**** Material for this task ****

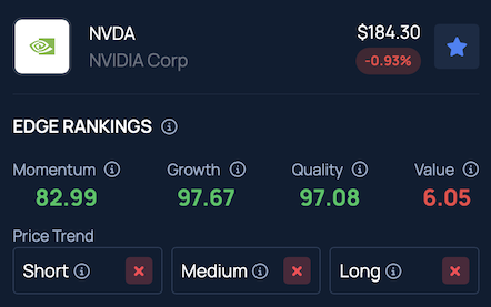 Benzinga Edge Stock Rankings shows that NVDA is experiencing weakness across short, medium and long-term periods, with its Growth score ranking in the 97th percentile.
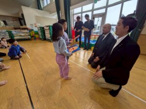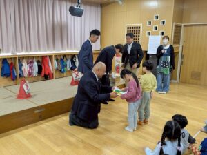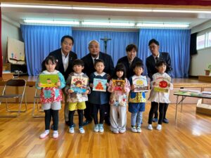 さて、先日投稿しました絵本寄贈の続報となりますが昨日23日に砂川天使幼稚園様、ひまわり保育園様、さくら保育園様、空知太保育園様の園児の皆さまのもとへ三共建具工業(株)様、(株)平尾電気商会様とご一緒に絵本をお届けさせて頂きました。
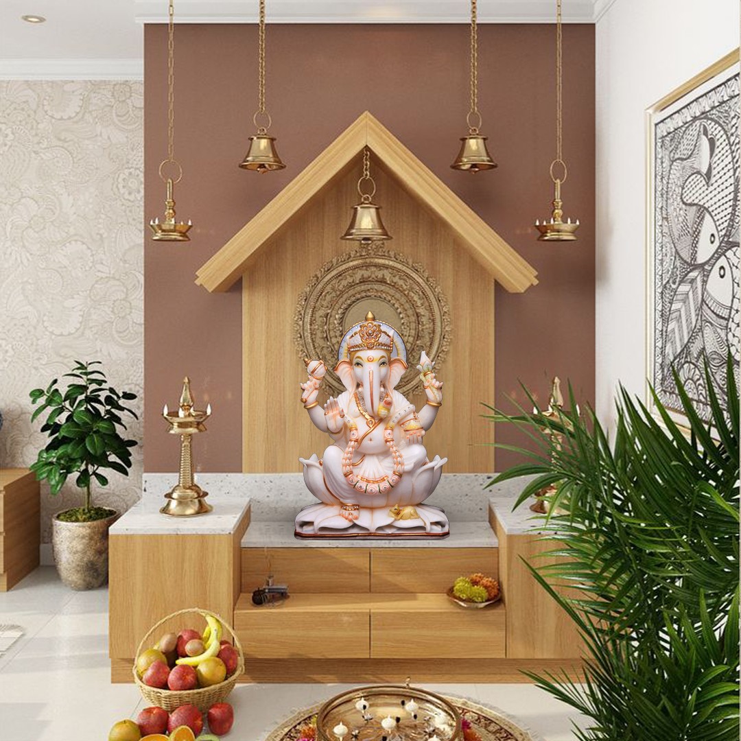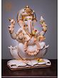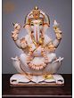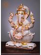 15" Lord Ganesha Seated on Lotus | Handmade | White Marble Ganesh Statue | Mahaganpati Statue | Siddhi Vinayak
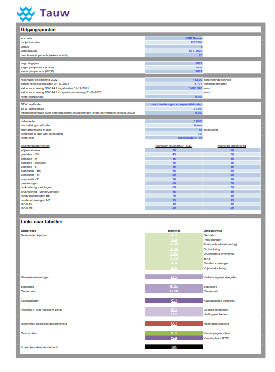 Onderdeel van het GRP is een kostendekkingsberekening. Het doel van deze berekening is een onderbouwde prognose te maken voor het verloop van de rioolheffing in de toekomst. Hoewel een zo goed mogelijke benadering is nagestreefd van het toekomstige verloop van de uitgaven en inkomsten, blijft dit vooral het bepalen van de trend naar de toekomst.
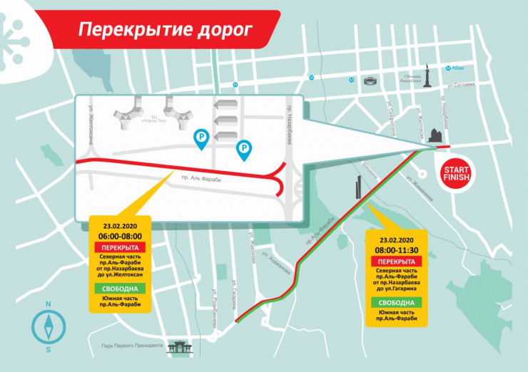 Организаторы просят жителей и гостей города отнестись с пониманием и заранее спланировать свой маршрут по проспекту Аль-Фараби 23 февраля.
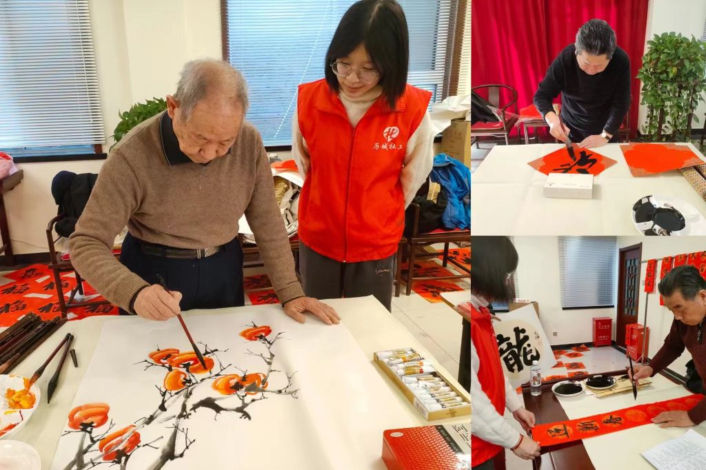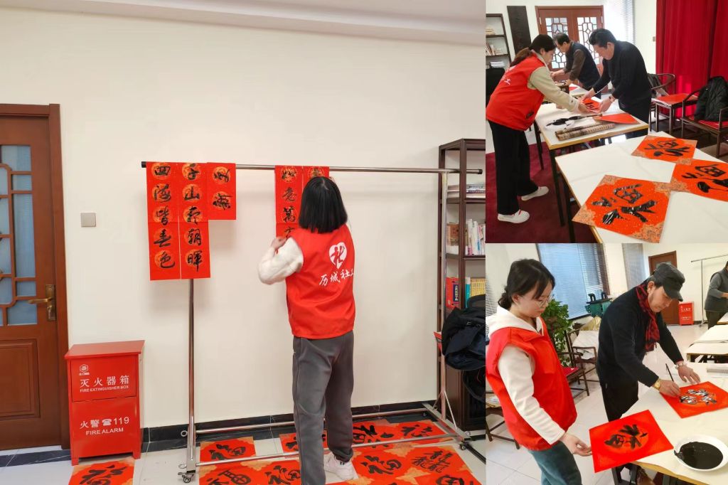 岁末年初,春节将至。为弘扬中华优秀传统文化,丰富社区居民的精神文化生活,营造吉祥如意的春节氛围,1月26日—1月29日,山大路街道社工站联合山大路街道社会事务科在甸柳社区与柳子剧院开展“迎新春,送春联”幸福生活节义写春联活动。
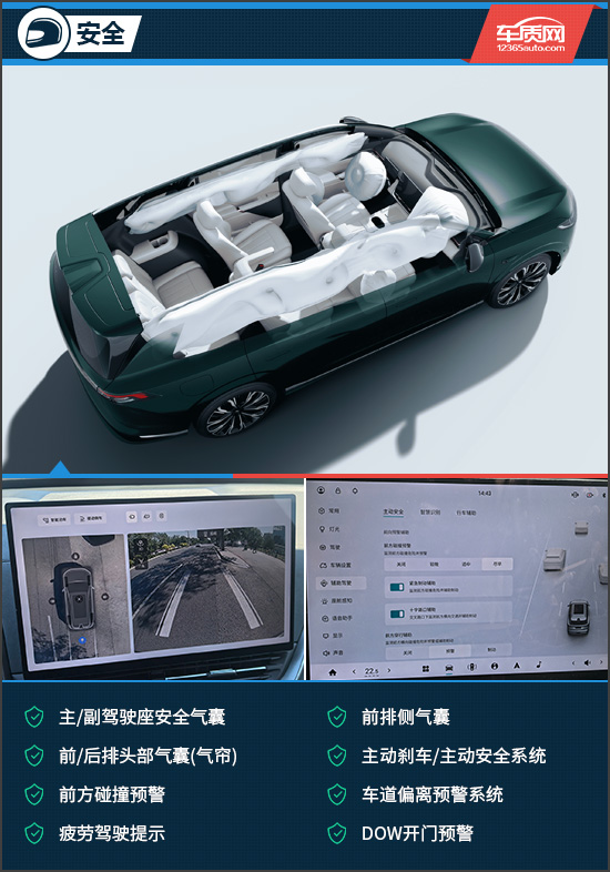 评测车配备了完善的主被动安全配置,包括主动刹车/主动安全系统、前方碰撞预警、主/副驾驶座安全气囊、前排侧气囊、前/后排头部气囊(气帘)等均没有缺席,整体表现十分出众,保障了每一位乘客的出行安全。

****

» **Work request**
Your answer should be the lines above from the one that contains "Организаторы просят жителей" through the last, set down exactly, with the pictures removed.

» **Answer**
 Организаторы просят жителей и гостей города отнестись с пониманием и заранее спланировать свой маршрут по проспекту Аль-Фараби 23 февраля.
 岁末年初,春节将至。为弘扬中华优秀传统文化,丰富社区居民的精神文化生活,营造吉祥如意的春节氛围,1月26日—1月29日,山大路街道社工站联合山大路街道社会事务科在甸柳社区与柳子剧院开展“迎新春,送春联”幸福生活节义写春联活动。
 评测车配备了完善的主被动安全配置,包括主动刹车/主动安全系统、前方碰撞预警、主/副驾驶座安全气囊、前排侧气囊、前/后排头部气囊(气帘)等均没有缺席,整体表现十分出众,保障了每一位乘客的出行安全。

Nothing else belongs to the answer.